Agpoon and second, when he donated a portion of the property involved to his daughter

But more revealing is the fact that the deed of sale itself, specifically the notarial acknowledgment thereof, contains a statement that
its executors were known to the notary public to be the persons who executed the instrument; that they were
"informed by me (notary public) of the contents thereof" and that they acknowledged to the notary public that the
instrument was freely and voluntarily executed. When he testified at the hearing, notary public Arturo Malazo stated, "I know Mr.
Severo Sales and he appeared before me when I notarized that document." Later, he added that "the document speaks for itself and
the witnesses were there and those were the persons present" (sic). 22 Thus, the stark denial of the petitioners, specially Sales, that he
executed the deed of sale pales in the face of Malazo's testimony because the testimony of the notary public enjoys greater credence
than that of an ordinary witness.

The extrinsic validity of the deed of sale is not affected by the fact that while the property subject thereof is located in Bugallon,
Pangasinan where the vendors also resided, the document was executed in San Miguel, Tarlac.
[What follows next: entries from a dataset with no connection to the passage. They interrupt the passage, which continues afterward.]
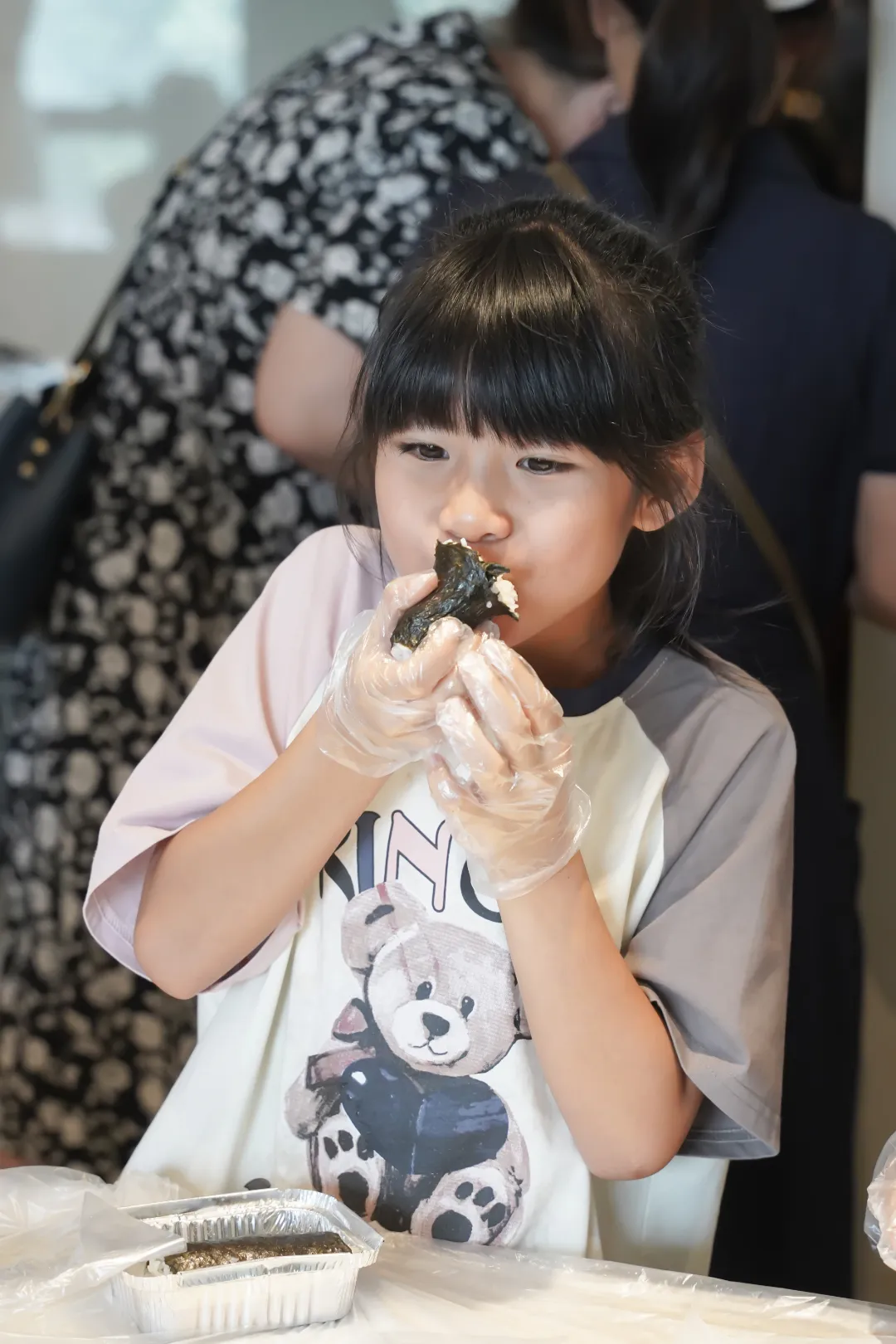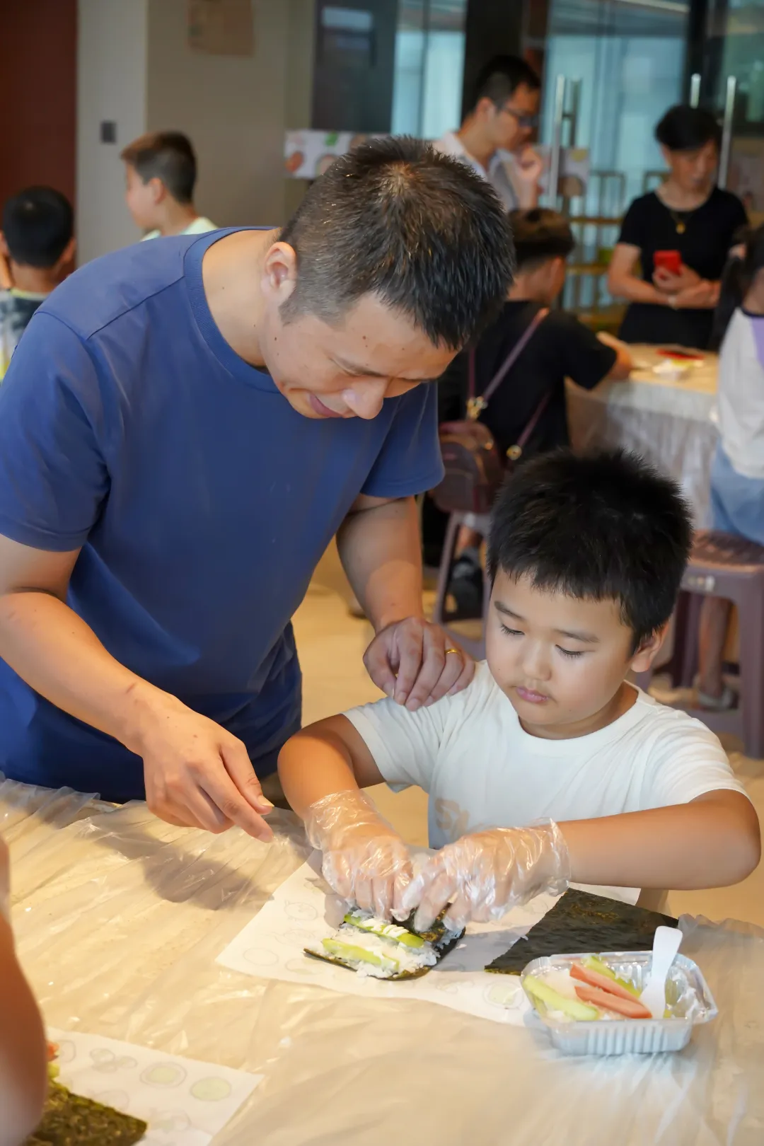 除了汲取理论知识,孩子们还有机会亲身实践。在DIY米饭汉堡环节,孩子们跟随老师指引,制作出美味的米饭汉堡。这一过程不仅锻炼了孩子们的动手能力,更为他们留下了一段难忘的亲子时光。
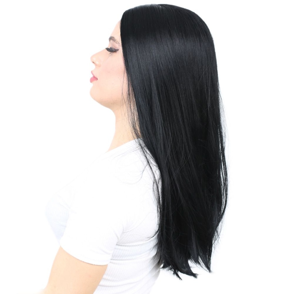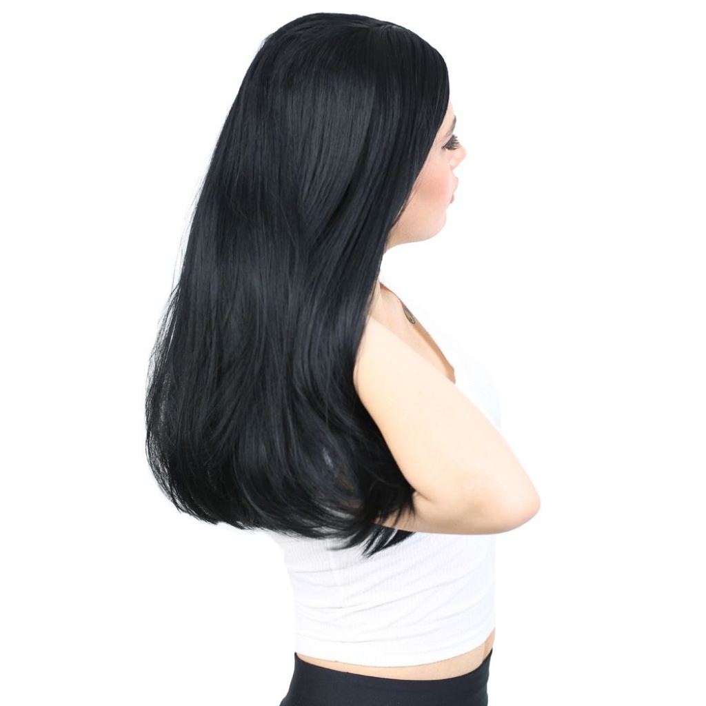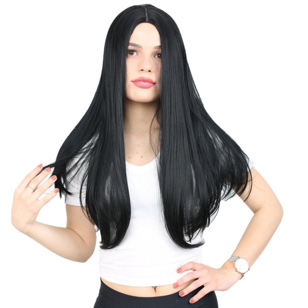 Fiber Sentetik Uzun Düz Peruk - Siyah
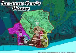 ![]() Location of Atlantic City in Atlantic County highlighted in red (left). Inset map: Location of Atlantic County in New Jersey highlighted in orange (right). | |
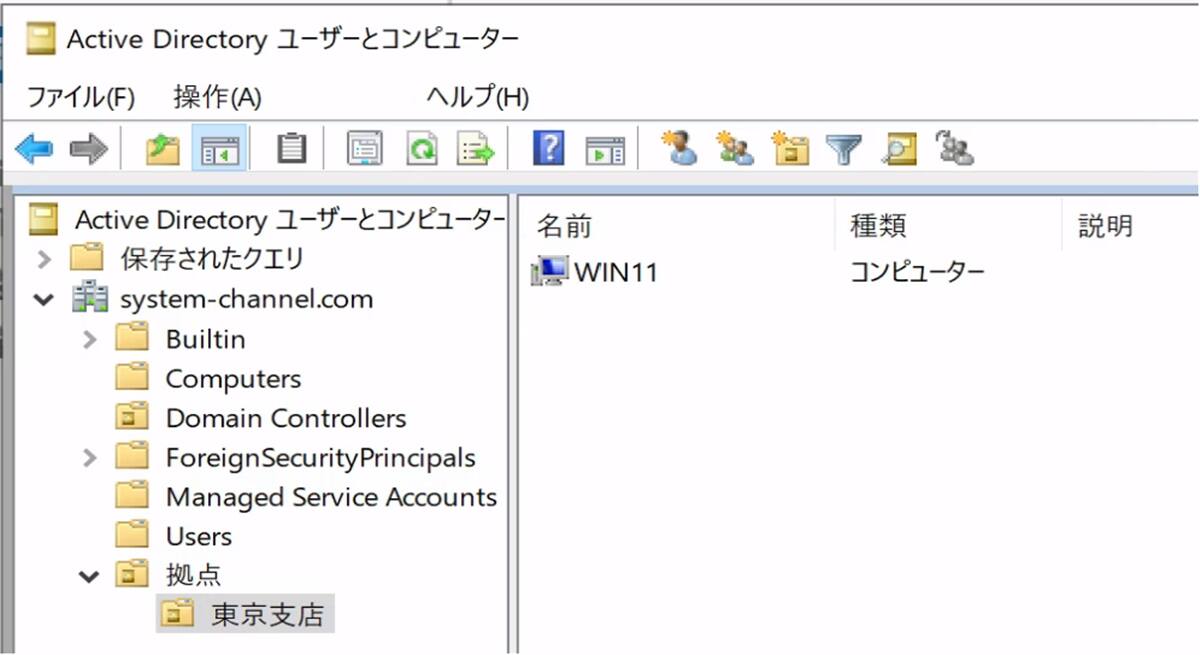 コンピューターアカウントは、下記のように「拠点>拠点名」OU配下で管理されるケースをよく見かけます。
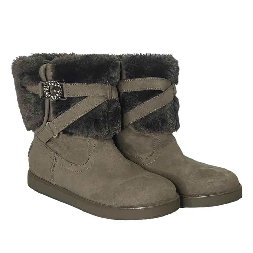 These boots are new without tags. No box. In excellent condition. A pretty neutral taupe gray. Faux Fur lined Faux Suede Criss Cross strap pattern detail with bling detail Round Toe Man made materials. Please see pics as they are part of my description. Clean and Smoke Free Home One small dog that is NOT allowed and cannot access this area but there could be some hair transfer. ******** FAST SHIPPING ******** Thanks for looking!
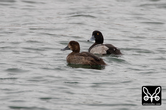 キンクロハジロのオス(奥)と幼鳥。
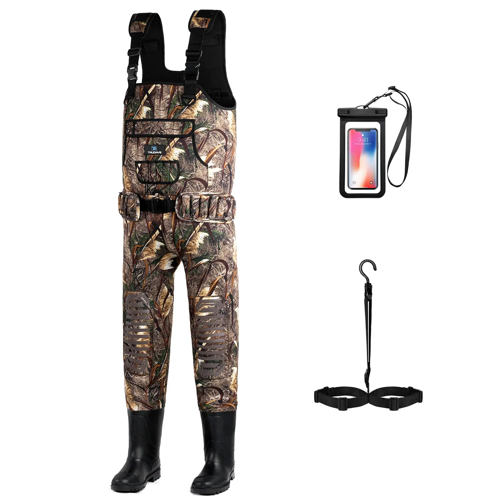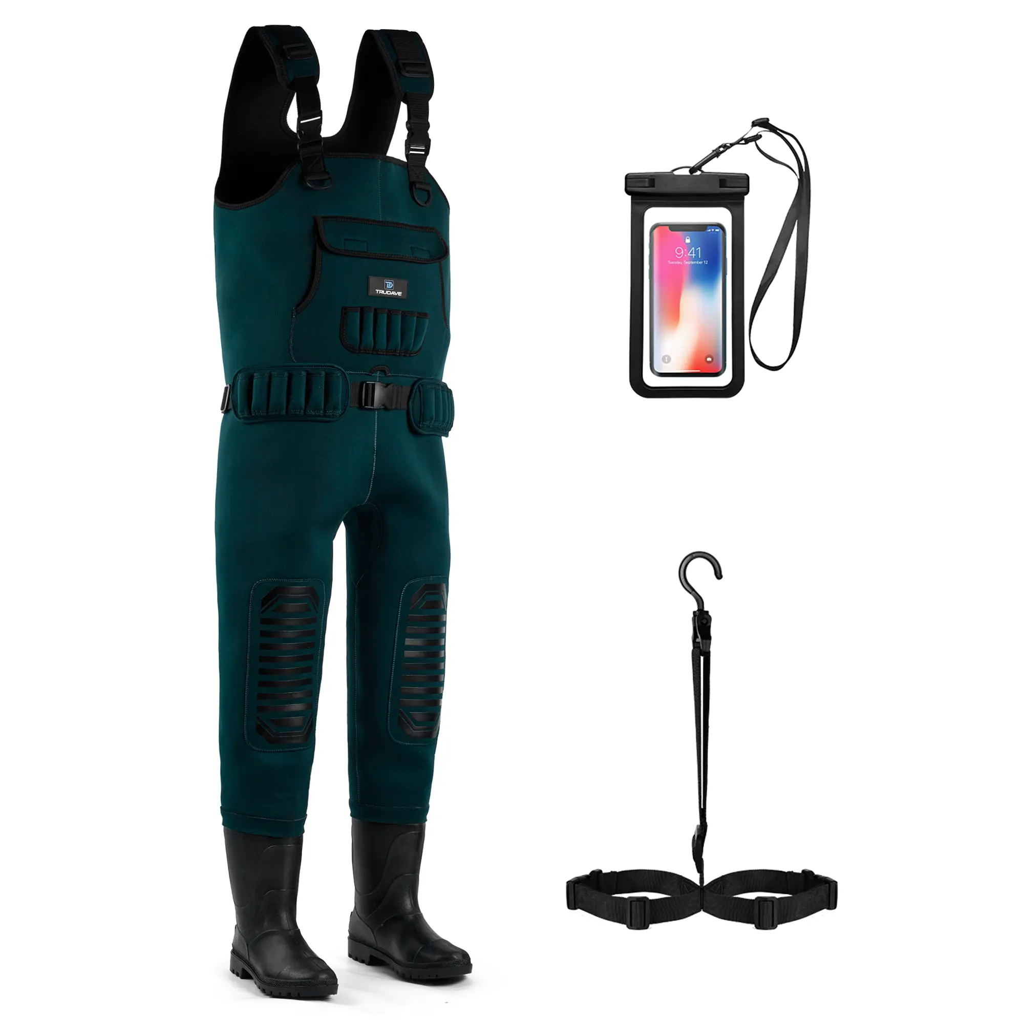 【Friendy Design】These fishing waders feature adjustable neoprene suspenders with quick-release buckles for easy on and off, a handwarmer pocket, and a waterproof phone pocket.

What is important under the
Notarial Law is that the notary public concerned has authority to acknowledge the document executed within his territorial
jurisdiction. A notarial acknowledgment attaches full faith and credit to the document concerned. It also vests upon
the document the presumption of regularity unless it is impugned by strong, complete and conclusive proof. Such kind of proof has
not been presented by the petitioners.

Hence, Supreme Court affirmed the decision of the Court of Appeals.